# Stinky breath



## OzChi (Oct 26, 2011)

Chloe has stinky breath! i'm very annoyed at this because she has perfectly clean teeth owing to the fact that she has a bone twice a week, a piece of duck jerky every day and bully sticks available constantly. She is on a mix of ZiwiPeak and raw so it shouldn't be from her diet either. What could be causing her to have bad breath? Axle's doesn't smell at all BTW...


----------



## Brodysmom (Jan 8, 2009)

How old is she? If she is still losing puppy teeth, that is the cause. As the puppy teeth loosen, they start to stink. Once all the baby teeth are out, her mouth should freshen right up.


----------



## AussieLass (Mar 1, 2012)

Besides the teething, are you sure she's not eating poop when you're away?


----------



## OzChi (Oct 26, 2011)

She turns 6 months on Wednesday and as far as I can see she hasn't lost any teeth yet so that could be it. 

I've never seen her eat poop and there is always poop there when I get home so I don't think it's that (I hope not coz she licks my face a LOT!)


----------



## AussieLass (Mar 1, 2012)

How weird, I thought they lost their teeth by 6 months or thereabouts. That is why the Vets have all told me to wait for desexing on my x 3 so they've all lost the teeth they're going to, so those that aren't coming out can be removed under the same anaesthetic to save having to go under twice.

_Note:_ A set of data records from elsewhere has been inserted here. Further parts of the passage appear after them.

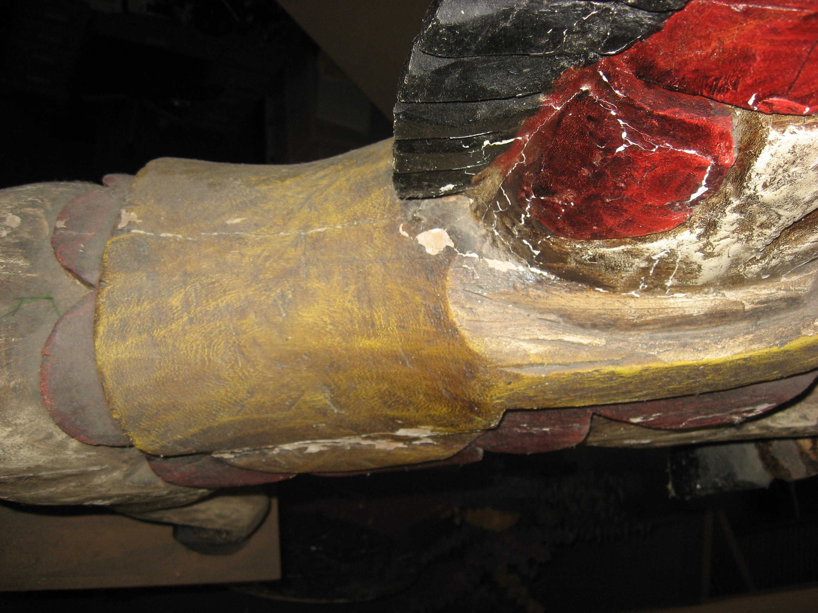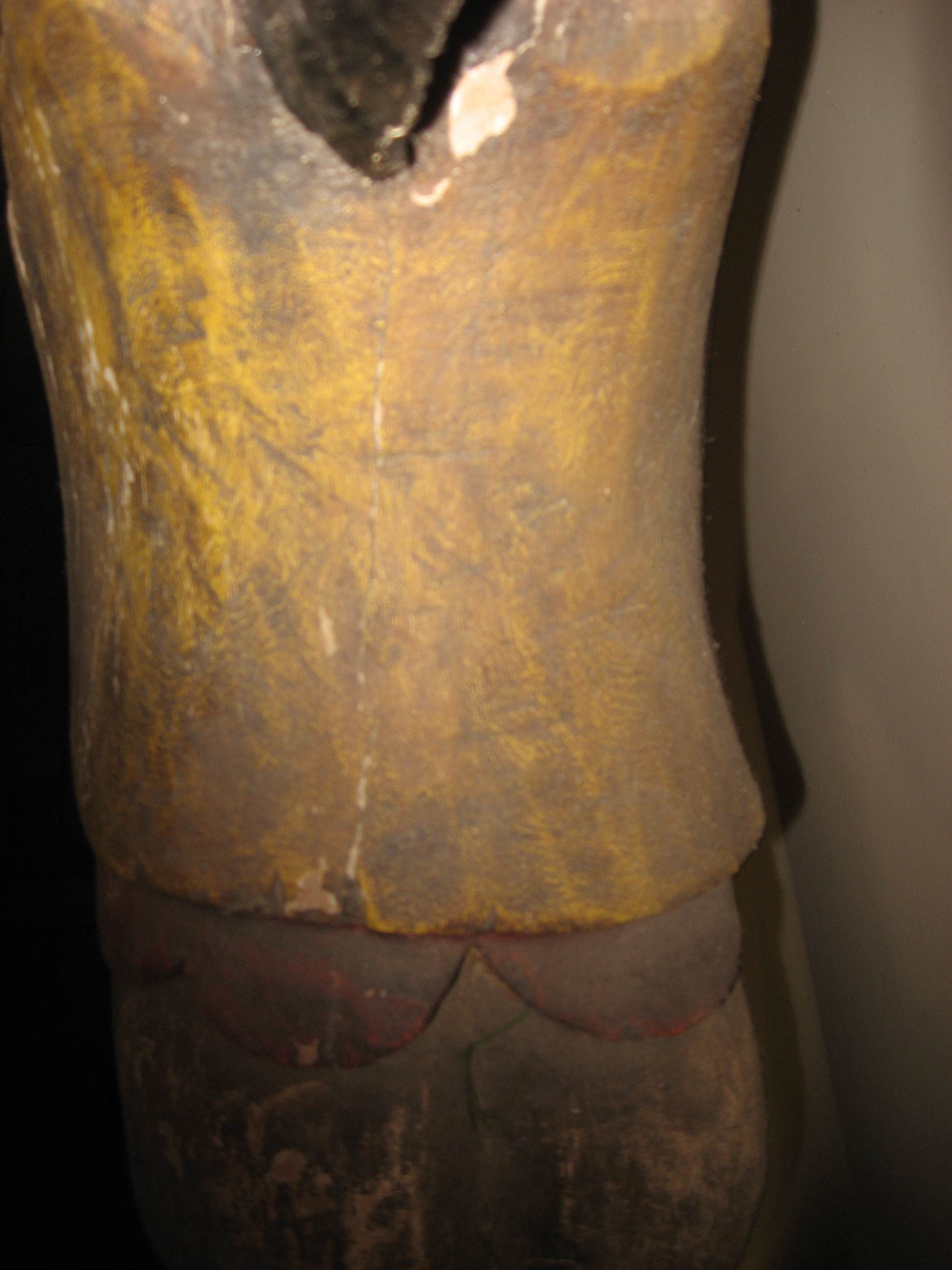 Made of wood and has not been restored. Believe, I was once told that it crafted in Italy but not sure. It has been displayed in my home for at least 40yrs.
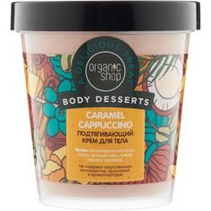 Ароматный крем надолго увлажняет и смягчает кожу тела. Зелёный кофе в составе придаёт упругость. Масла ши и кокоса делают кожу более гладкой и сияющей. Экстракты корицы и карамели стимулируют обновление клеток.
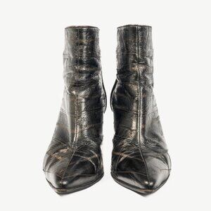 Made in Italy, these booties from Manolo Blahnik are crafted in a brown eelskin, and feature covered stiletto mid-heels, closed pointed toes, back zip closures, and leather lining and soles.
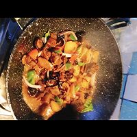 (土豆我提前用空气炸锅炸熟的),再煮几分钟,最后放入提前准备好的,洋葱,青红椒,蒜苗翻炒,起锅倒入砂锅中。
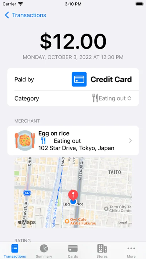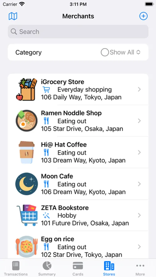 - Record spending by searching for nearby merchant name. The category, location, and other shop details will be filled in as you tap a found nearby merchant.
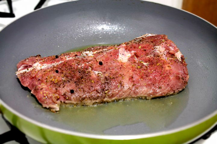 Carnea trebuie spalata bine inainte si curatata de pielite sau grasime. Pe un fund de lemn presarat sare, piper macinat si piper boabe, cimbru si oregano.

Various vets have also said I should wiggle them out like kids do with theirs but I doubt I'll be doing that.


----------



## OzChi (Oct 26, 2011)

Axle only just started losing his and he is 8 months this week. He has lost his top ones but he has 4 bottom canines still and a few doubled up of the tiny little teeth at the front. I probably could have wobbled out his top Canines but I just gave him some bully sticks and they were gone within an day or 2 of first becomming loose.


----------



## 23083 (Sep 22, 2011)

Pico is our first small dog. I was mystified as to why he still had bad breath after a dental cleaning. The vet told me that many small dogs have bad breath from their stomach acid and that feeding frequent small meals helps. This isnt practical for me so I do all the things you do plus use a fresh breath water additive and it REALLY helps!


----------



## Dexiehuahua (Feb 19, 2012)

Have you had her anal glands checked? I know that's the only time my chis breath stinks..


----------



## Reese and Miley (Jun 24, 2010)

What variety of ZP do you feed? Mine eat Stella and Chewys, normally just the "super beef" kind but sometimes when theyre out of it I buy the surf n turf. For whatever reason Reese has RANCID breath on any fishy formulas, always goes away when he's back on the beef. 
I second anal glands too!


----------



## OzChi (Oct 26, 2011)

> Reese has RANCID breath on any fishy formulas


She's on venison and fish actually, and she has had raw salmon for her dinner the last couple of days too so it could be that. I've bought a 5kg bag so she's going to be on it for a while!

I doubt it's anal glands. They were checked about 2 months ago and were fine and she has been on ZP since then which is very good at minimizing them as it gives them such small firm poop.


----------